- _WHAT IS REQUIRED_:
Produce one exact copy of the records, no pictures.

========

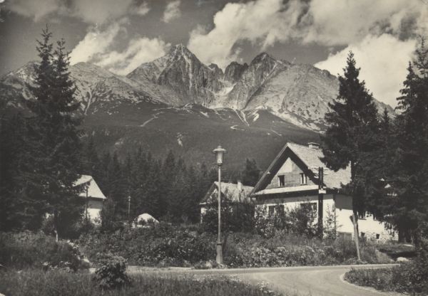 VYSOKÉ TATRY - Tatranská Lomnica (850 m). V pozadí skupina Lomnického ątítu (2832 m)
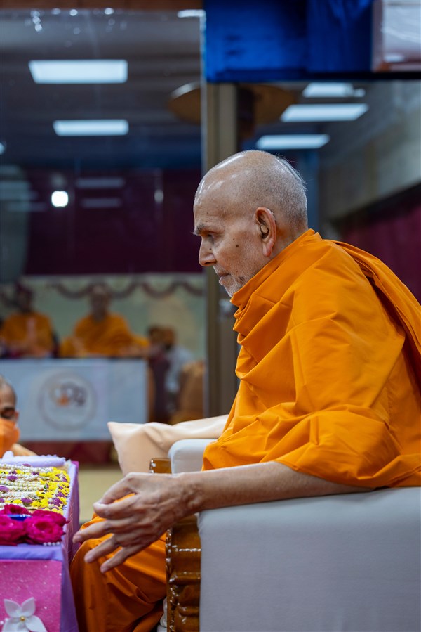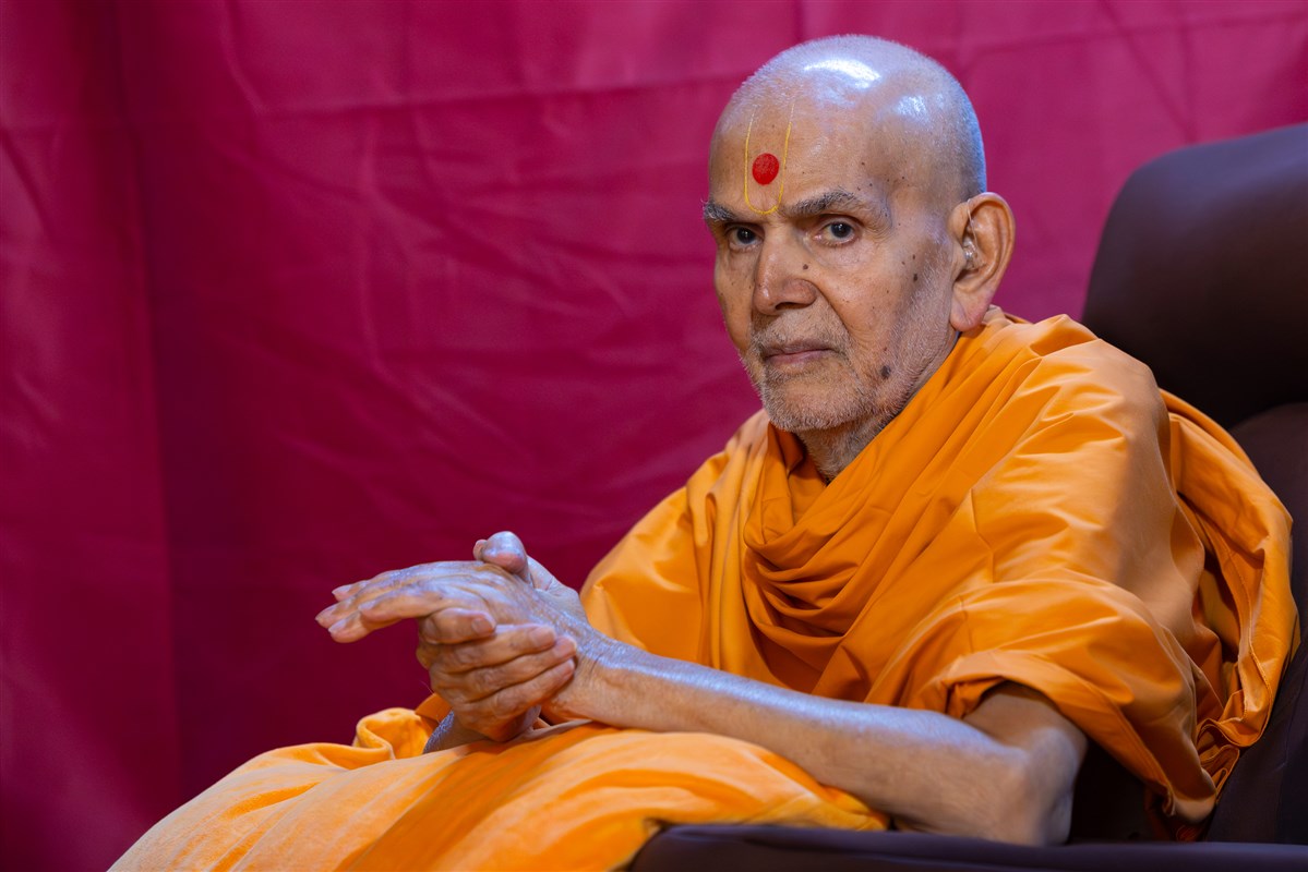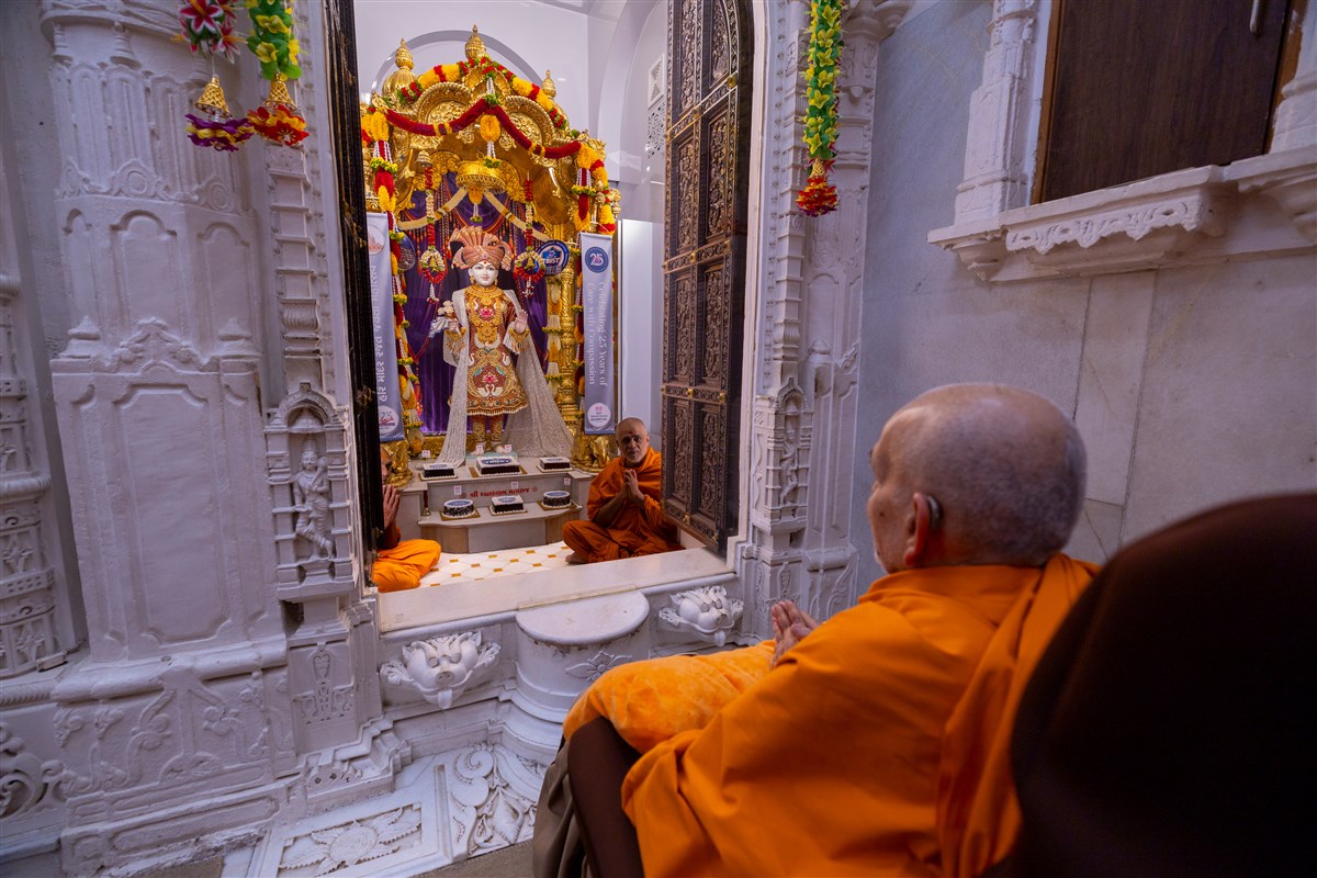 Swamishri engrossed in darshan of Shri Ghanshyam Maharaj
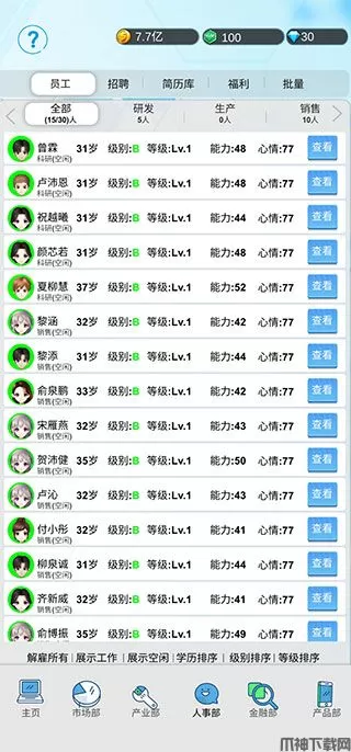 11、神秘部门:相当于氟金玩家用钞能力给自己降低成本,增加利润。以上设施,安排员工时,直接点击添加即可,自动安排。
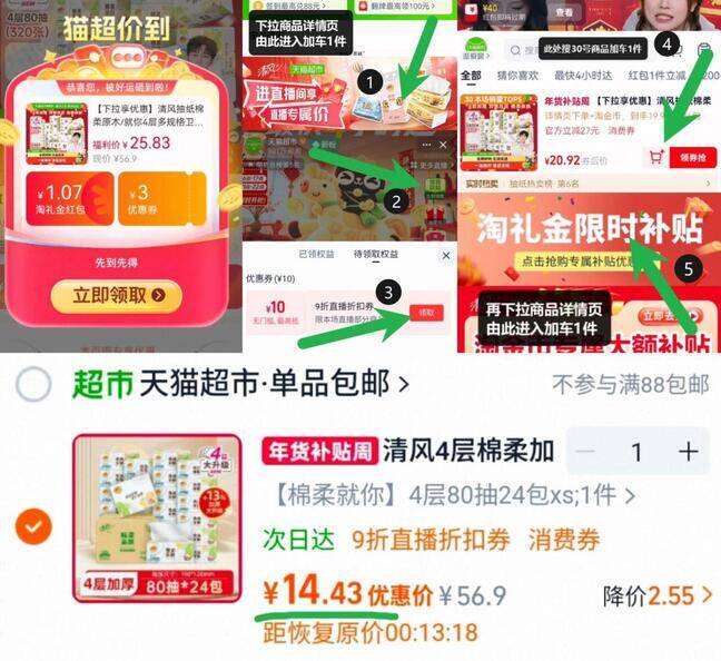4、再下拉商品详情进金币会场加车1件
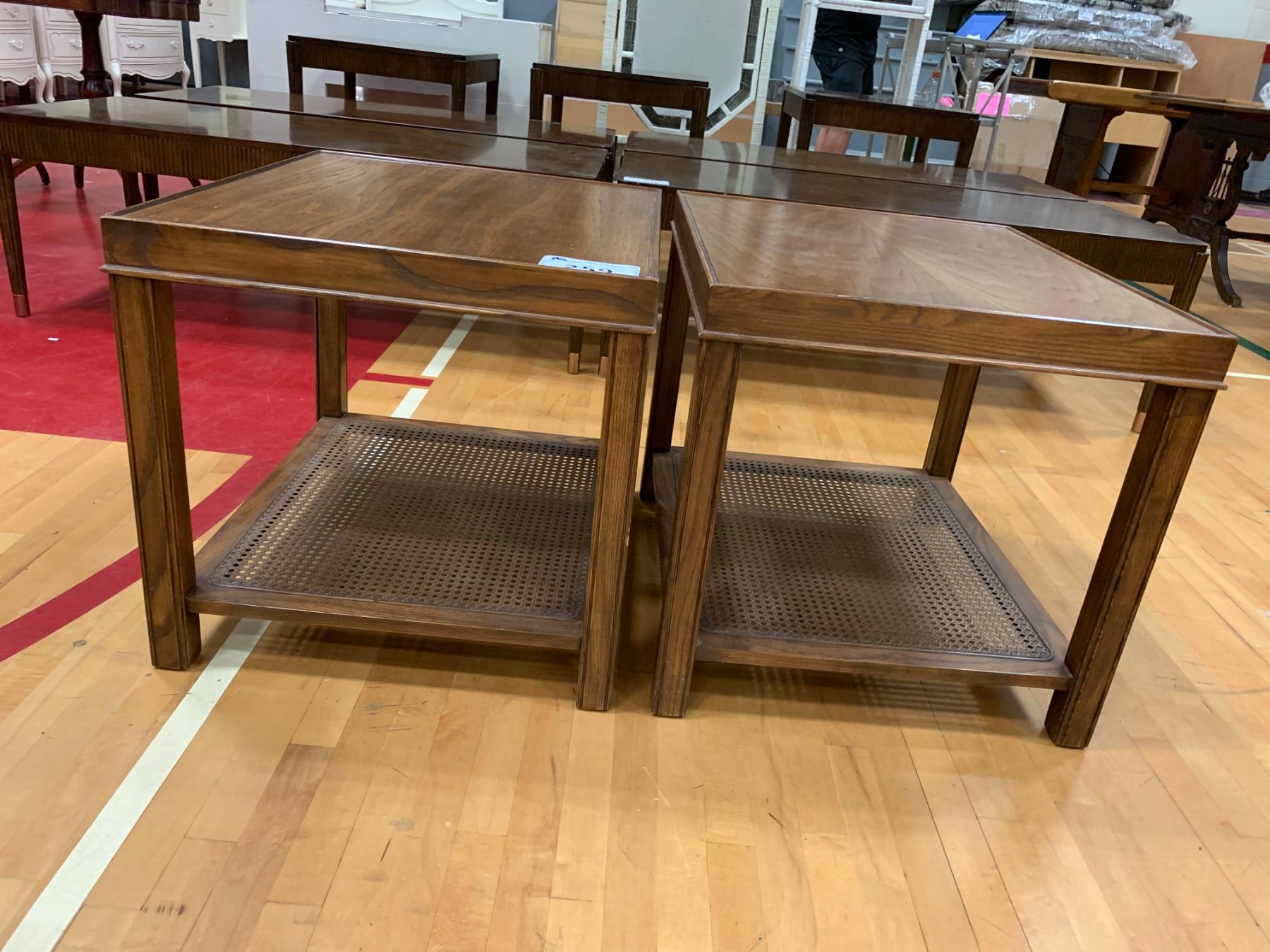 2 2 TIER WOOD & WHICKER END TABLES APPROX 21"X25"X22"
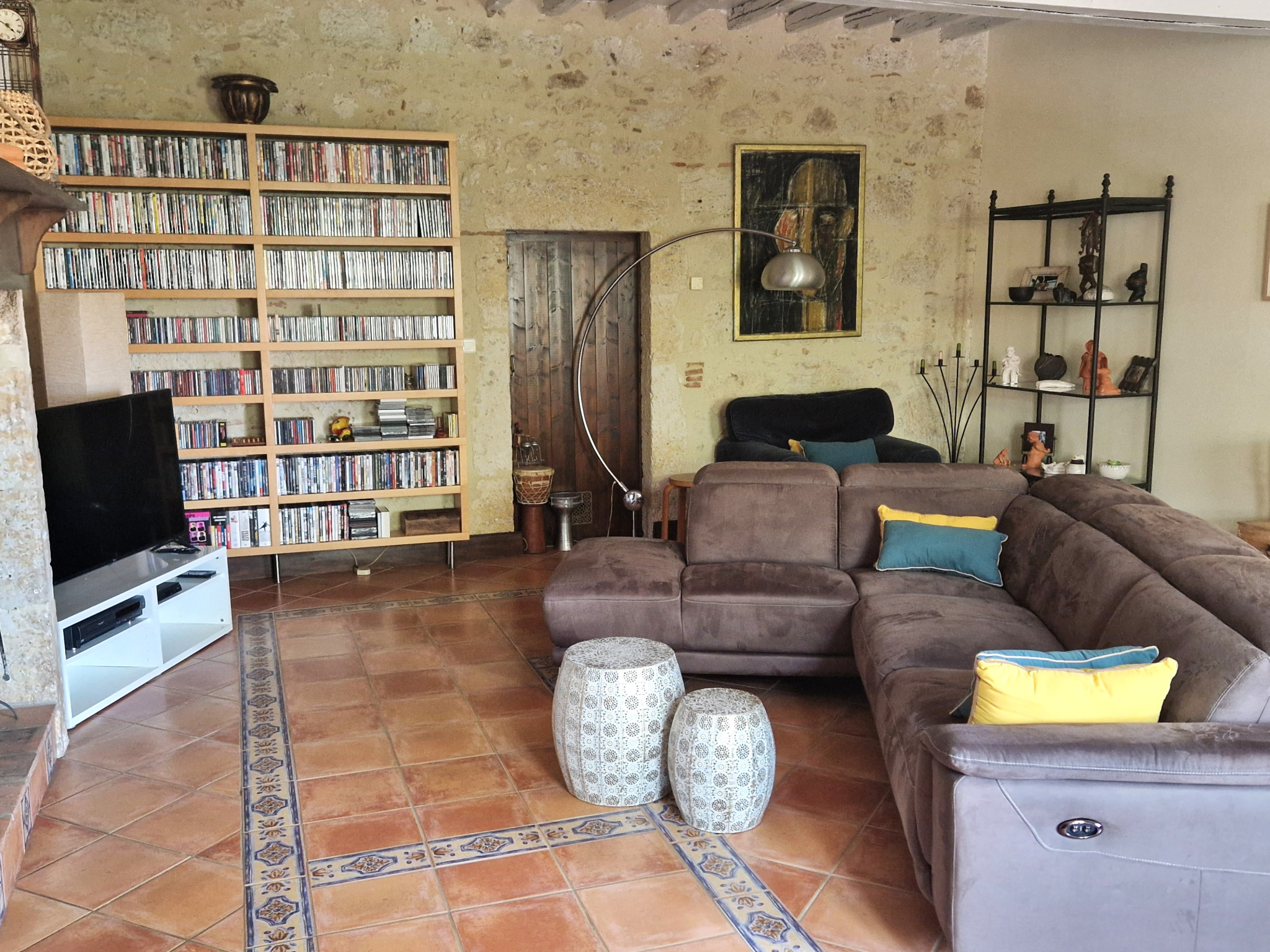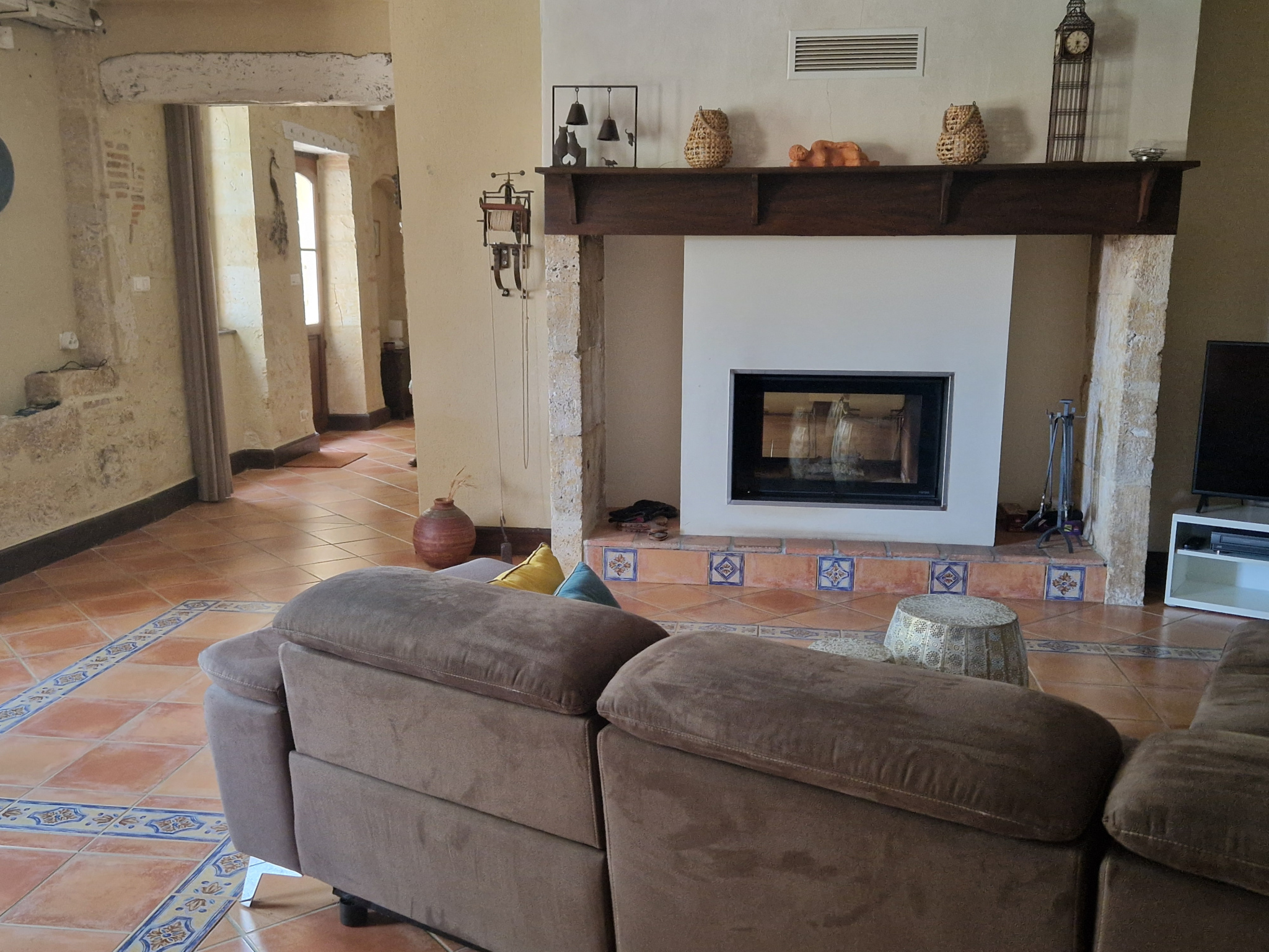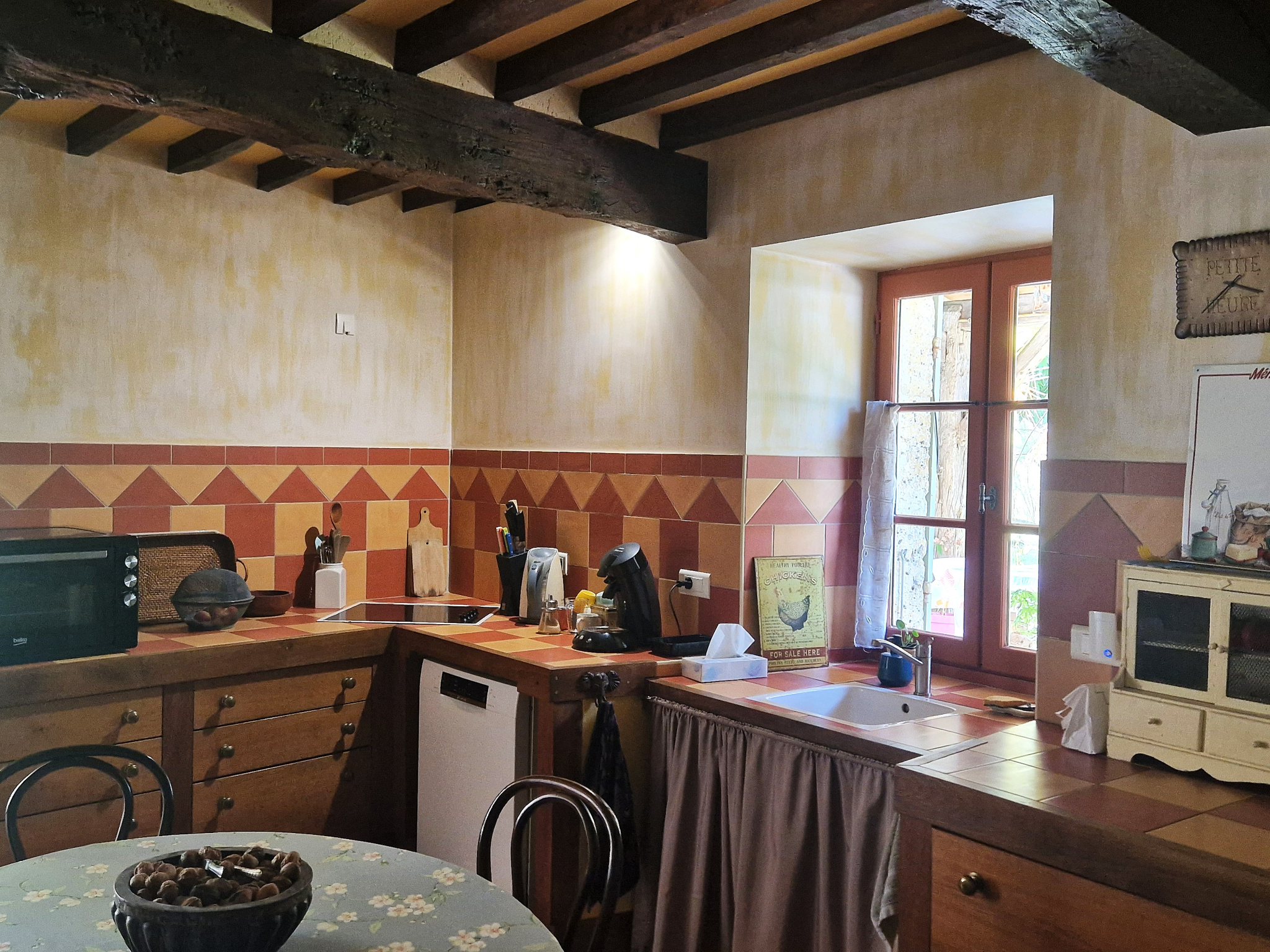 À l’intérieur, la cuisine est actuellement divisée en deux parties : la partie fonctionnelle avec tous les appareils de cuisine intégrés habituels, et l’espace plus convivial du « petit-déjeuner », doté d’un four à pain d’origine. Quelques marches plus haut, on trouve la vaste salle à manger qui partage un nouvel insert avec le salon cosy adjacent. Toutes ces pièces donnent directement sur la terrasse ombragée.

========

- _WRITTEN REPLY_:
 VYSOKÉ TATRY - Tatranská Lomnica (850 m). V pozadí skupina Lomnického ątítu (2832 m)
 Swamishri engrossed in darshan of Shri Ghanshyam Maharaj
 11、神秘部门:相当于氟金玩家用钞能力给自己降低成本,增加利润。以上设施,安排员工时,直接点击添加即可,自动安排。
4、再下拉商品详情进金币会场加车1件
 2 2 TIER WOOD & WHICKER END TABLES APPROX 21"X25"X22"
 À l’intérieur, la cuisine est actuellement divisée en deux parties : la partie fonctionnelle avec tous les appareils de cuisine intégrés habituels, et l’espace plus convivial du « petit-déjeuner », doté d’un four à pain d’origine. Quelques marches plus haut, on trouve la vaste salle à manger qui partage un nouvel insert avec le salon cosy adjacent. Toutes ces pièces donnent directement sur la terrasse ombragée.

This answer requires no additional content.